▶ **EXTRACTED INFORMATION**:
★ ★ ★
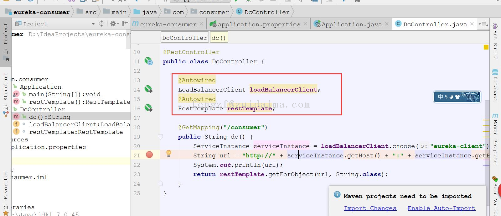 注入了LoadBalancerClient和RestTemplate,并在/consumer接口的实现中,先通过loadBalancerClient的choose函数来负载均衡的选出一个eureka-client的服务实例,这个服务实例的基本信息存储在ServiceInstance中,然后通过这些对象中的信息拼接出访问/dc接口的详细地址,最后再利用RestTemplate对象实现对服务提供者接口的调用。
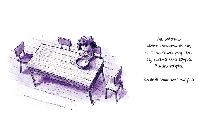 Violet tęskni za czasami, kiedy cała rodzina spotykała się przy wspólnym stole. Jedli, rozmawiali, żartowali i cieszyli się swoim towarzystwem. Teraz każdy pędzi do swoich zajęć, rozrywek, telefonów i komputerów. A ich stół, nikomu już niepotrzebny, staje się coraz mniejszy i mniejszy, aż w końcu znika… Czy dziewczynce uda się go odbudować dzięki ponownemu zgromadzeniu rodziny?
★ ★ ★
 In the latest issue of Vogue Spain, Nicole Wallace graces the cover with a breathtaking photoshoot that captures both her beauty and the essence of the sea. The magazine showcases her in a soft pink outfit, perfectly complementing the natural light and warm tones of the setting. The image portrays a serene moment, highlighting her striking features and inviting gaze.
★ ★ ★
▶ **WHAT THE TASK REQUIRES**: Each line between the one holding "注入了LoadBalance" and the one holding "Violet tęskni za", inclusive, should be copied exactly as it appears above, and pictures should be omitted.

▶ **EXERCISE RESULT**:
 注入了LoadBalancerClient和RestTemplate,并在/consumer接口的实现中,先通过loadBalancerClient的choose函数来负载均衡的选出一个eureka-client的服务实例,这个服务实例的基本信息存储在ServiceInstance中,然后通过这些对象中的信息拼接出访问/dc接口的详细地址,最后再利用RestTemplate对象实现对服务提供者接口的调用。
 Violet tęskni za czasami, kiedy cała rodzina spotykała się przy wspólnym stole. Jedli, rozmawiali, żartowali i cieszyli się swoim towarzystwem. Teraz każdy pędzi do swoich zajęć, rozrywek, telefonów i komputerów. A ich stół, nikomu już niepotrzebny, staje się coraz mniejszy i mniejszy, aż w końcu znika… Czy dziewczynce uda się go odbudować dzięki ponownemu zgromadzeniu rodziny?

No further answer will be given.